Personal information
- Born: July 31, 1976 (age 49) Marrero, Louisiana, U.S.
- Listed height: 6 ft 0 in (1.83 m)
- Listed weight: 205 lb (93 kg)

Career information
- High school: Jonesboro-Hodge (Jonesboro, Louisiana)
- College: Louisiana-Monroe
- NFL draft: 1999: 3rd round, 78th overall pick

Career history
- Chicago Bears (1999–2003); Miami Dolphins (2004–2007); Chicago Bears (2008); Atlanta Falcons (2009);

Awards and highlights
- Pro Bowl (2002); First-team All-Independent (1998);

Career NFL statistics
- Receptions: 539
- Receiving yards: 6,703
- Receiving touchdowns: 37
- Stats at Pro Football Reference

= Marty Booker =

American football player (born 1976)

Marty Montez Booker (born July 31, 1976) is an American former professional football player who was a wide receiver who played 11 seasons in the National Football League (NFL). After playing college football for the Louisiana–Monroe Warhawks, he was selected by the Chicago Bears in the third round of the 1999 NFL draft. During his first tenure with the Bears, he earned a Pro Bowl selection in 2002. He also played for the Miami Dolphins from 2004 to 2007, Bears in 2008, and Atlanta Falcons in 2009.

==Early life==
Marty Montez Booker was born July 31, 1976, to Vera and Calvin Booker of Marrero, La. Booker attended Jonesboro-Hodge High School in Jonesboro, Louisiana. He was a two-sport standout in both football and track. In football, he was a quarterback and passed for 3418 yd and 48 combined touchdowns as a senior, at a college meet, he was told that he was super athletic, and quarterback wasn't the right spot for him, he chose WR. Following his senior season, he finished as the runner-up for the national Gatorade High School Player of the Year award. In track, he was ranked second in the state high jump finals as a senior. Booker also was a standout basketball player.

==College career==
Marty Booker attended the University of Louisiana-Monroe where he was a three-year starter. He finished his college career with 178 receptions for 2,784 yards (15.6 avg.) and 23 touchdowns. He was an All-Independent first-team selection as a senior with 75 catches for 1168 yd and 11 touchdowns, averaging 106.2 yd per game. He ranks second in school history for career receptions.

==Professional career==

Pre-draft measurables
| Height | Weight | Arm length | Hand span | 40-yard dash | 10-yard split | 20-yard split | Vertical jump | Broad jump |
| 5 ft 11+3⁄4 in (1.82 m) | 214 lb (97 kg) | 32+3⁄4 in (0.83 m) | 9+1⁄8 in (0.23 m) | 4.64 s | 1.55 s | 2.66 s | 37.0 in (0.94 m) | 10 ft 1 in (3.07 m) |
All values from NFL Combine

===Chicago Bears (first stint)===
Booker was selected in the third round (78th overall) in the 1999 NFL draft by the Chicago Bears. He started four of the nine games in which he played during his rookie season, catching 19 passes for 219yd and three touchdowns. He did not play in each of the first six games of the season, with his first regular season action coming on an October 24 contest against the Tampa Bay Buccaneers. Booker's first career reception occurred on November 15 against the Minnesota Vikings, when he grabbed seven passes for 134yd and two touchdowns in what was also the first start of his career. He became the first Bears rookie to register a 100 yd receiving game since Willie Gault in 1983. Booker also combined with Marcus Robinson to become the 15th tandem in Bears history to record 100 yd receiving games in the same contest.

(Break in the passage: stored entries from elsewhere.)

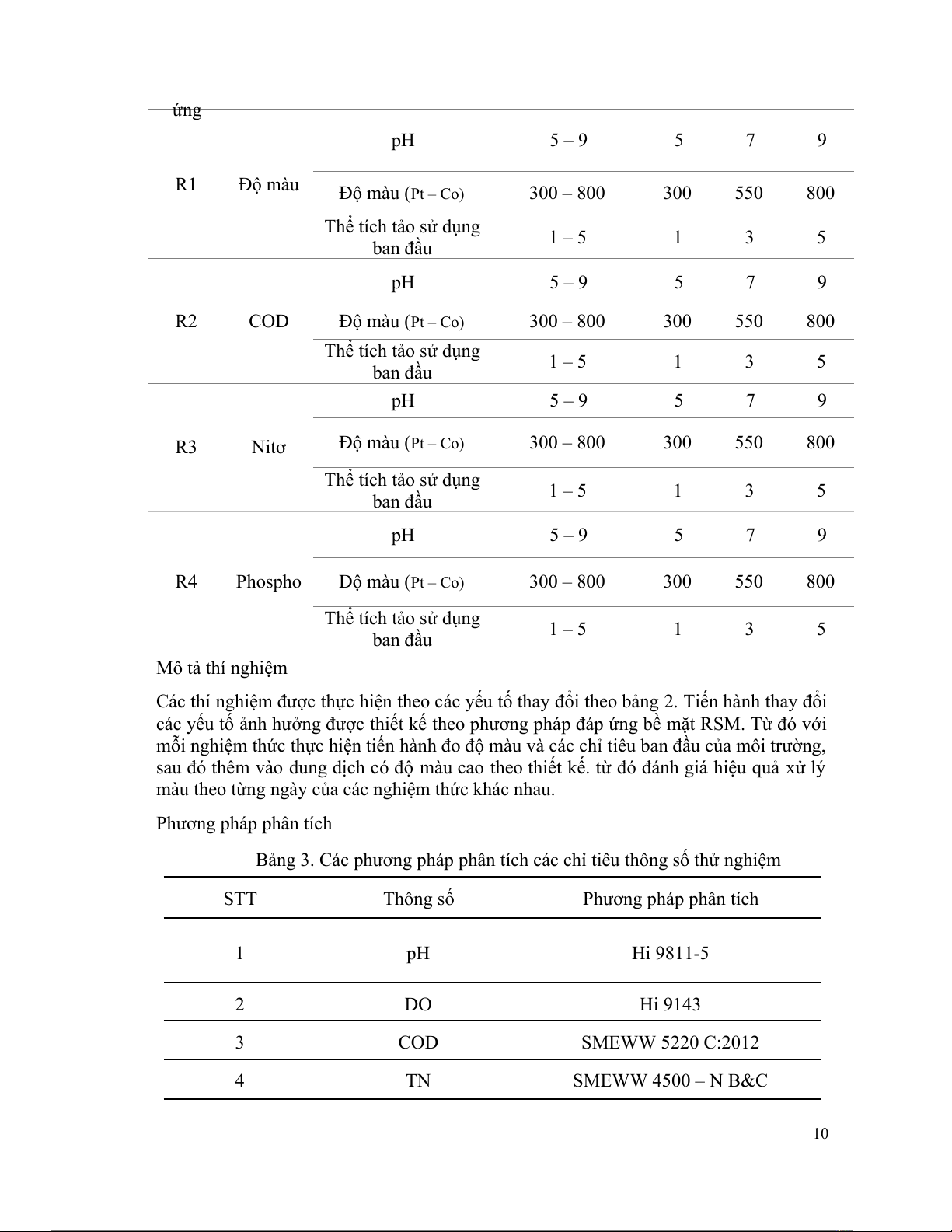 Bảng 2. Các thông sô khảo sát trong phương pháp RSM – CCD Bề mặt Chỉ tiêu Tên yếu tố Phám vi nghiên Mức đáp cứu -1 0 1 9 ứng pH 5 – 9 5 7 9 R1 Độ màu Độ màu (Pt – Co) 300 – 800 300 550 800 Thể tích tảo sử dụng 1 – 5 1 3 5 ban đầu pH 5 – 9 5 7 9 R2 COD Độ màu (Pt – Co) 300 – 800 300 550 800 Thể tích tảo sử dụng 1 – 5 1 3 5 ban đầu pH 5 – 9 5 7 9 R3 Nitơ Độ màu (Pt – Co) 300 – 800 300 550 800 Thể tích tảo sử dụng 1 – 5 1 3 5 ban đầu pH 5 – 9 5 7 9 R4 Phospho Độ màu (Pt – Co) 300 – 800 300 550 800 Thể tích tảo sử dụng 1 – 5 1 3 5 ban đầu Mô tả thí nghiệm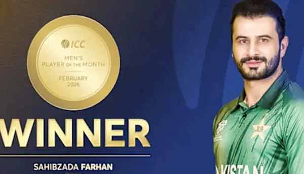دبئی ۔ 23؍مارچ (ایجنسیز )انٹرنیشنل کرکٹ کونسل (آئی سی سی) نے پاکستان کے صاحبزادہ فرحان کو پلیئر آف دی منتھ قرار دے دیا۔صاحبزادہ فرحان کو فروری میں غیرمعمولی کارکردگی پر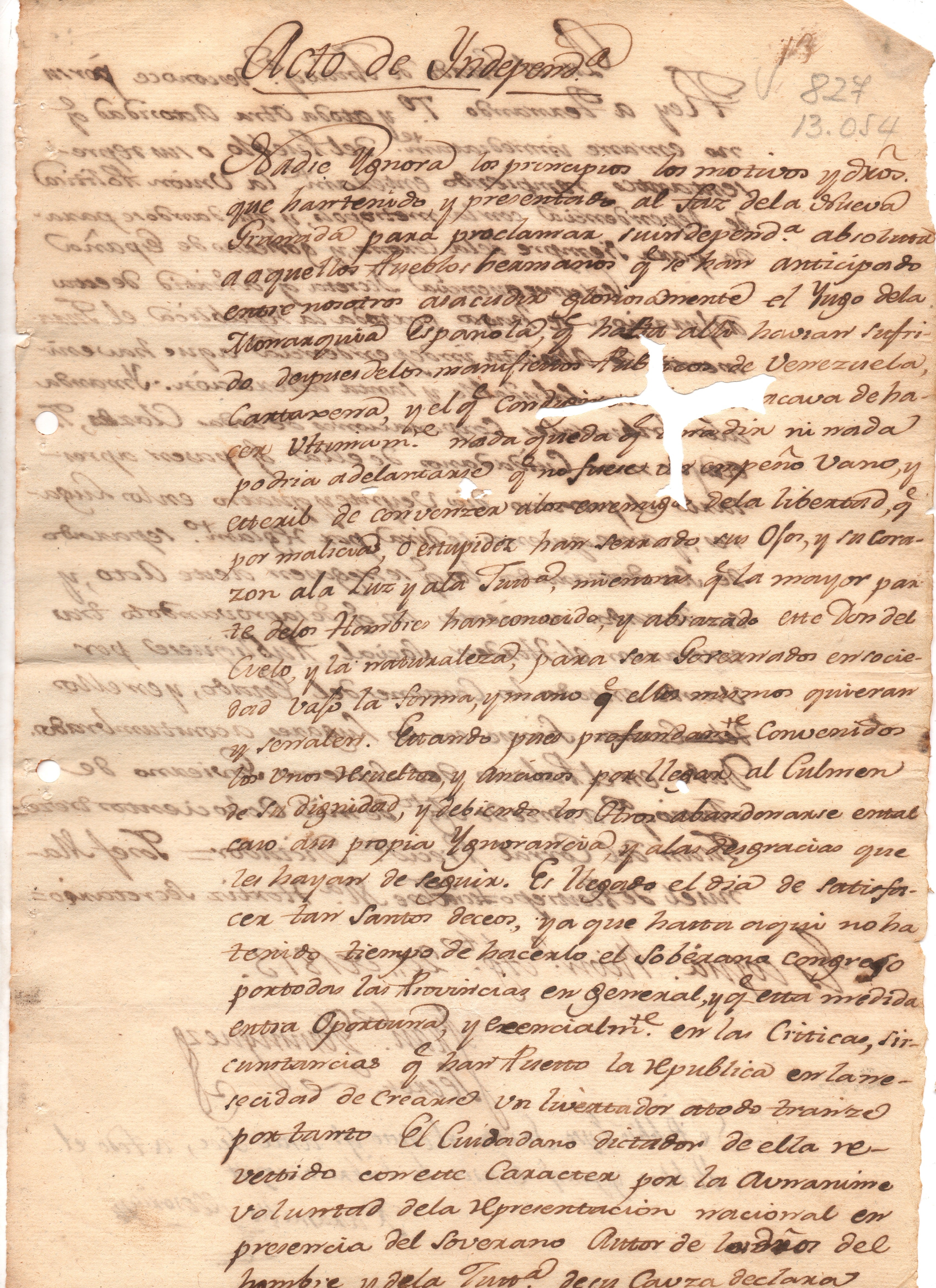 Copia certificada del Acto de Independencia de Antioquia, un manuscrito de 1813.

In 2000, Booker started seven of the 15 games in which he played, finishing third on the team with 47 receptions for 490 yd and a pair of scores . He was inactive for a September 17 game against the New York Giants with a shoulder injury. He had five catches for 56 yd against the Detroit Lions on September 24 - a game which began his streak of 82 straight games with a reception.

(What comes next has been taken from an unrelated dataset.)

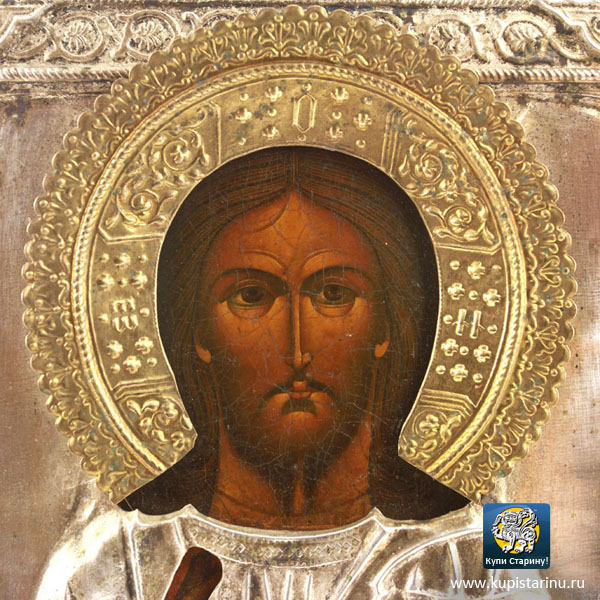 А вот настоящий шедевр: старинная икона Спас Вседержитель из Мстёры в окладе Крестьянинова!
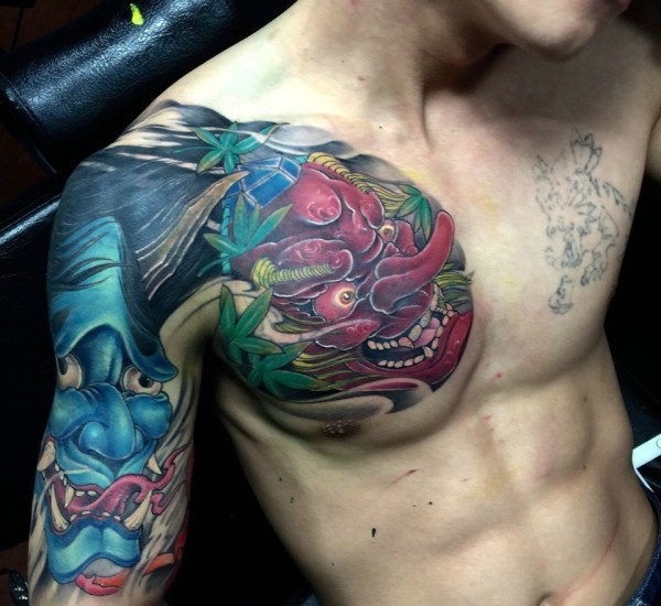 型男异常吸睛的半甲纹身

In 2001, Booker started all 16 games and set a Bears single-season reception record with 100, breaking the old mark of 93 set by Johnny Morris in 1964. That total also ranked second in the NFC and sixth in the NFL. On the season, he totaled 1,071 receiving yards, good for ninth in the NFC. He became just the seventh receiver (8th time) in Bears history to post a 1000 yd receiving season. He collected a season-high nine receptions on five occasions, including each of the first two games. In a 31–3 win at the Atlanta Falcons on October 7, he had a 63 yd TD catch from Jim Miller and a 34 yd TD pass to Marcus Robinson. He hauled in seven passes for 165 yd and a career-high three touchdowns in 27–24 win at the Tampa Bay Buccaneers on November 18, including a career-long 66 yd TD catch (from Miller) in the game.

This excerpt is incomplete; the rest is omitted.